There is something wrong with the network and if all checks out on your cluster & hosts it’s time to look beyond that. Well as it turns out it was the Jumbo Frame setting on the CSV and LM NICs.

Those servers had been connected to a couple of DELL Force10  S4810 switches. These can handle an MTU size up to 12000. And that’s how they are configured. The Mellanox NICs allow for MTU Sizes up to 9614 in their Jumbo Frame property.  Now super sized jumbo frames are all cool until you attach the network cables to another switch like a PowerConnect 8132 that has a max MTU size of 9216. That moment your network won’t do what it’s supposed to and you see errors like those above. If you test via an SMB share things seem OK & standard pings don’t show the issue. But some ping tests with different mtu sizes & the –f (do no fragment) switch will unmask the issue soon. Setting the Jumbo Frame size on the CSV & LM NICs to 9014 resolved the issue.

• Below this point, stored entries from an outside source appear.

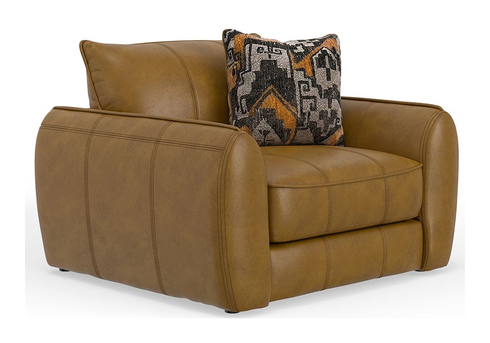 Genuine leather typically covers inside areas such as the back, seat and arm cushions; skillfully matched faux leather covers the remaining areas. Due to its natural origin, real leather can show individual characteristics such as healed scars, growth marks, grain variation and shade variation. Natural variations make each hide unique and do not detract from the wearing qualities of leather. Comfort Coil Seating featuring Comfor-Gel. Crescent Arm Design featuring Jumbo Welt. Jumbo Welt Accents on Seats/Backs. Steel Tech Framing.
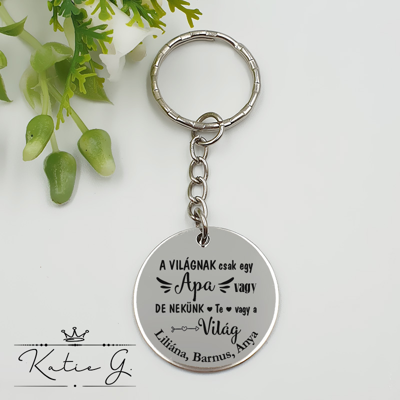 Kezdőlap » Gravírozott kulcstartók » Kulcstartó "A világnak csak egy Apa vagy..." felirattal, egyedi nevekkel
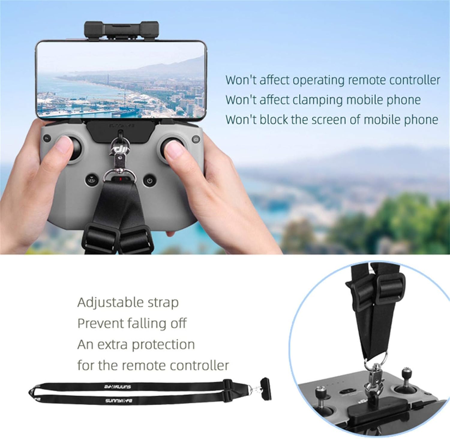 Cordino largo e morbido: Lunghezza: cinturino regolabile per diverse altezze Quantità: 1 pezzo 4. Cinturino da collo allargato, per il massimo comfort 3. Compatibile con Mavic Mini 2/Mavic Air 2
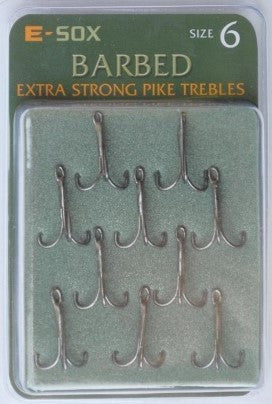 E-Sox Extra Strong Trebles are available in the three most effective and popular sizes 4s, 6s and 8s and in both Barbed and Semi Barbed versions.
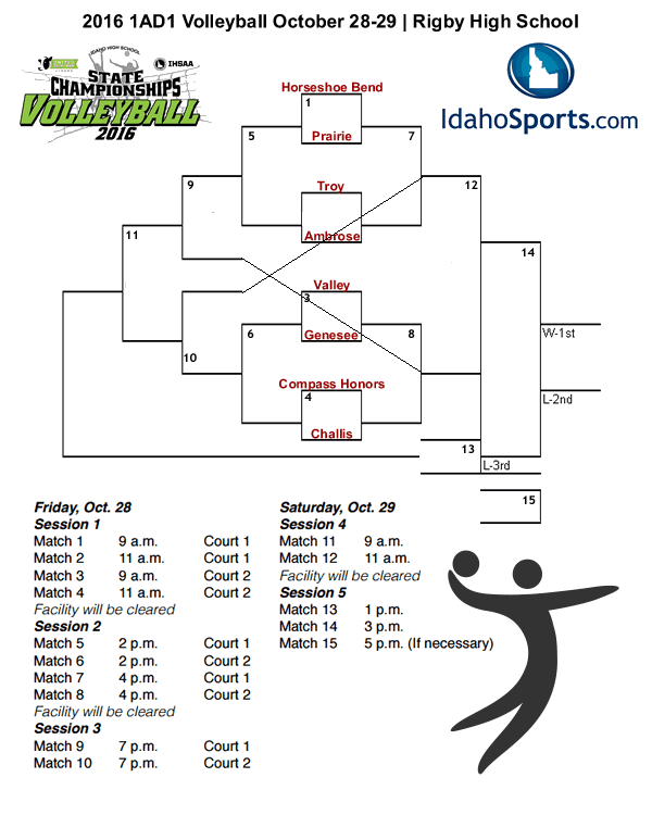 Angela Wemhoff and Leah Higgins against Wallace. ![]() 27-at Lewiston Tournament, won 1 match, lost 4. 27-JV at Genesee JV Tournament 30-Genesee*, there, C, JV, V, 5 p.m., lost 1 game to 3 7-JV at Sacajawea 9th, 5 p.m. postponed 8-Lapwai*, here, won 3 games to 1 10-JV and C teams at Grangeville JV Tournament 13-CV*, here, 4:30 p.m., won 3 games to 0 13-Orofino, here, 7 p.m., V only, lost 1 game to 3 15-Grangeville, there, C, JV, V, 5 p.m., lost 2 games to 3 20-Kamiah, there, C, JV, V, 5 p.m., won 3 games to 1 22-Genesee*, here, C, JV, V, 5 p.m., lost 1 game to 3 24-Border Battle at Pomeroy, won 4 of 5 matches 27-Lapwai*, there, won 3 games to 1 29-Troy*, here, C, JV, V, 5 p.m., lost 0 games to 3 8-Tri-Match vs. Potlatch* & CV* @ C.V., 1 p.m. V only, beat CV 3 games to 0; beat Potlatch 3 games to 1 10-JV at Sacajawea 9th, 5 p.m., rescheduled from Sept. 7 11-Grangeville, here, C, JV, V, 5 p.m., lost 2 games to 3, details next week 13-Potlatch*, there, C, JV, V, 4:30 p.m. 15, 17, 18,19-District at LCSC-beat Kamiah 3 games to 0, lost to Genesee 1 game to 3, beat Potlatch 3 games to 0, beat Lapwai 3 games to 1 , Third Place 20-Play-in vs. Wallace at Coeur d'Alene High School 5 p.m., won 3 games to 0 22-Play-in at Highland vs. Idaho City, won 3 games to 0 28-29-State at Rigby *League Game |
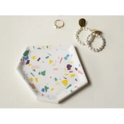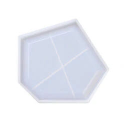 Ce moule vous permettant de réaliser un coupelle en forme d’hexagone irrégulier mesure 14,3 cm (plus grande longueur) et 1,2 cm de hauteur.
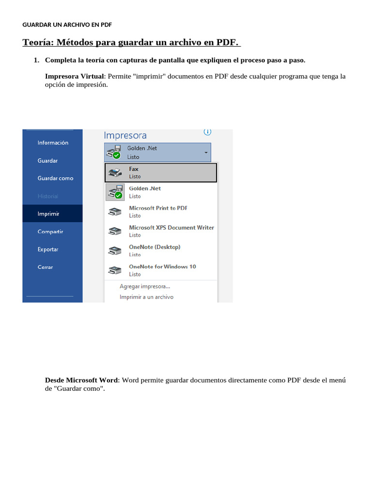 Guardar o Convertir A PDF o XPS en Aplicaciones de Escritorio | PDF
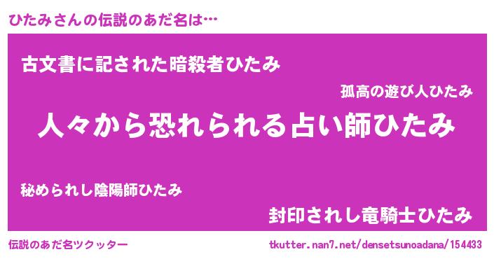 | 欧米人風あだ名 | 『アンジェラ・ひたみ』『ダニエルひたみ』 |
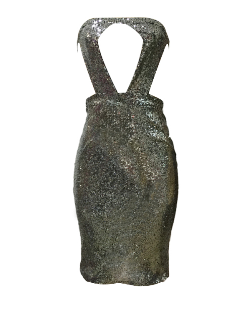 Vintage Bateau Neck Sequins Decoration Hollow-out Silver Polyester Mid Calf Dress
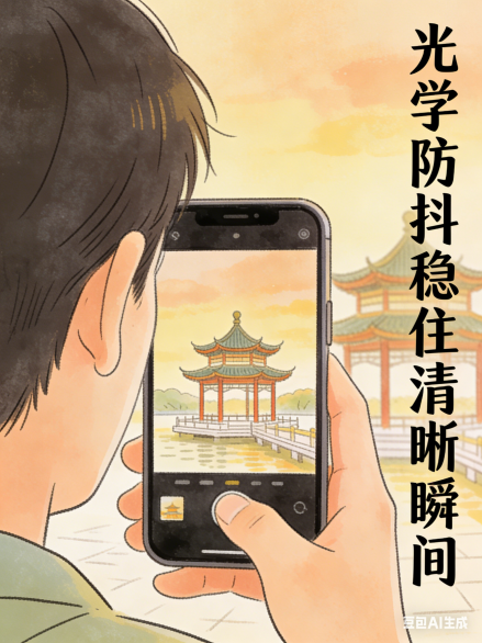 举个例子:用10倍长焦拍远处的亭子,取景框会跟着手抖来回晃。没有光学防抖的手机,拍出来的亭子大概率模糊、重影,而有防抖的手机,按下快门的瞬间镜头会快速调整抵消微小抖动,拍出来的亭子轮廓清晰,连细节都能看清。
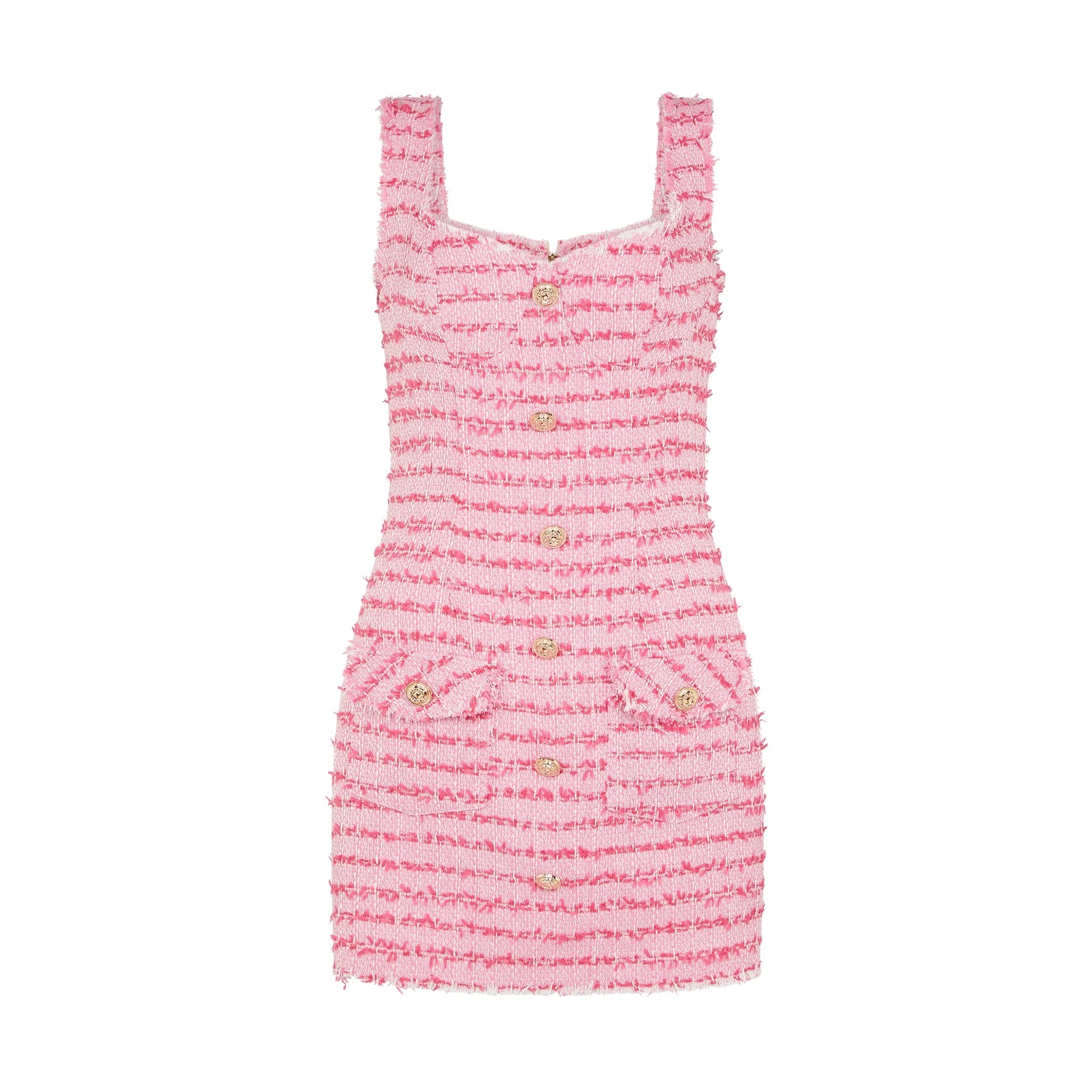This pink mini dress is tailored from tweed with frayed edges. It has a slim fit with a V-neckline and gold-tone buttons. Wear it with ballet flats or pumps.
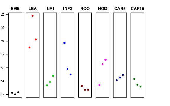 | ROO | Roots from the seedlings (10 cm shoot stage) | 1.28342 | 0.681683 | 0.684968 | 1.0371 |
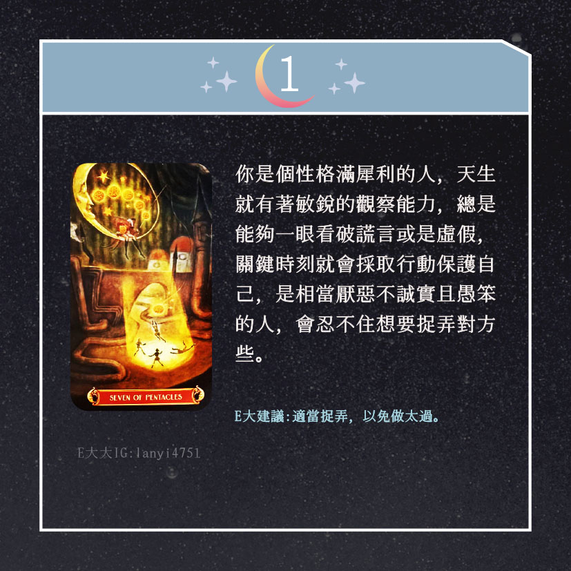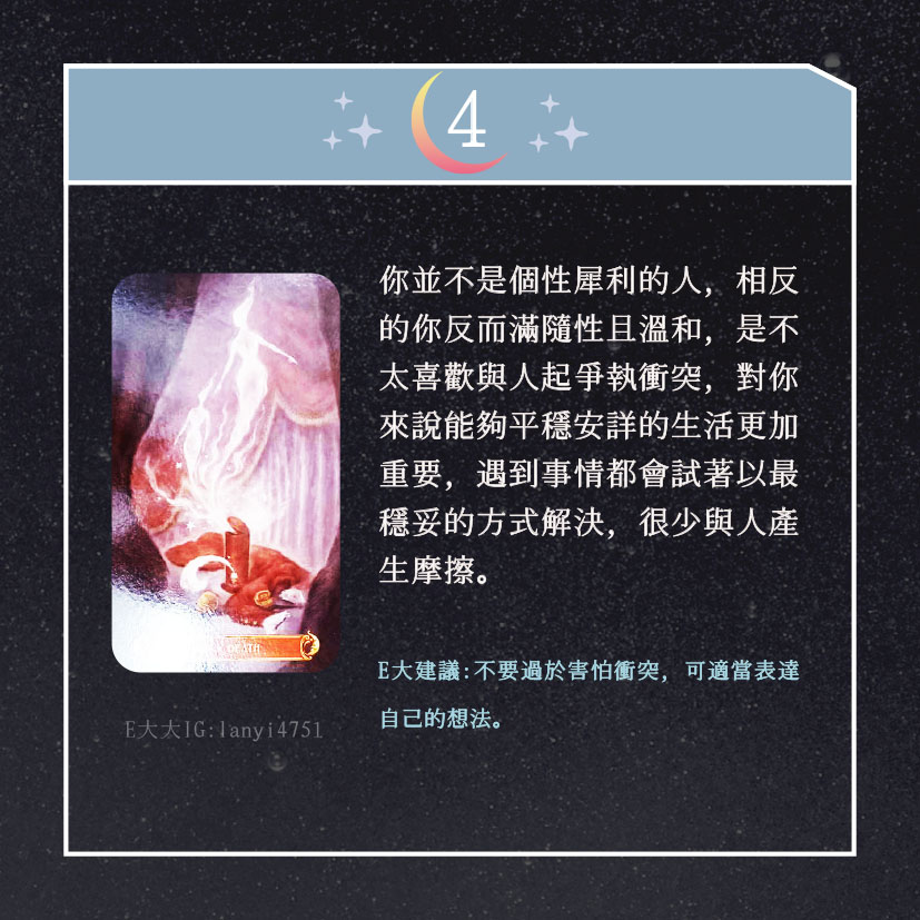 嗨~我是E大,歡迎你來到我的塔羅世界,創立這個平台主要是為了讓更多人對塔羅牌產生興趣,並且能透過牌卡找到自己人生方向。歡迎關注追蹤我囉!https://linktr.ee/lanyi4751
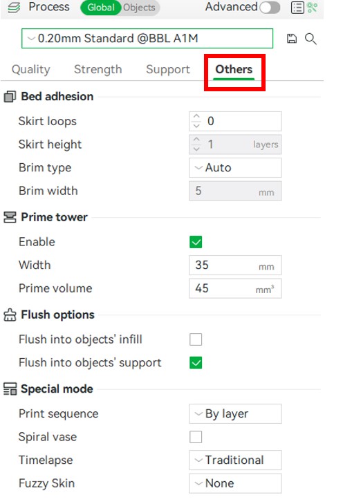 The other tab includes bed adhesion settings, prime tower settings, and some other settings that may be helpful. The most useful setting available in the other tab is the bed adhesion settings. This is helpful as sometimes (especially parts with small bed contact area) parts will peel off the bed resulting in failed prints or unwanted artifacts.

Now if on the server side everything matches up but not on the switches you’ll also get an event id 21502 but with a different error message:

Event ID: 21502 The Virtual Machine Management Service failed to establish a connection for a Virtual machine migration with host XXXX. A connection attempt failed because the connected party did not properly respond after a period of time, or the established connection failed because connected host has failed to respond (0X8007274C)

image

This is the same message you’ll get for a known cause of shared nothing live migration failing as described in this blog post by Microsoft Shared Nothing Migration fails (0x8007274C).

So there you go. Keep an eye on those Jumbo Frame setting especially in a mixed switch environment. They all have their own capabilities, rules & peculiarities. Make sure to test end to end and you’ll be just fine.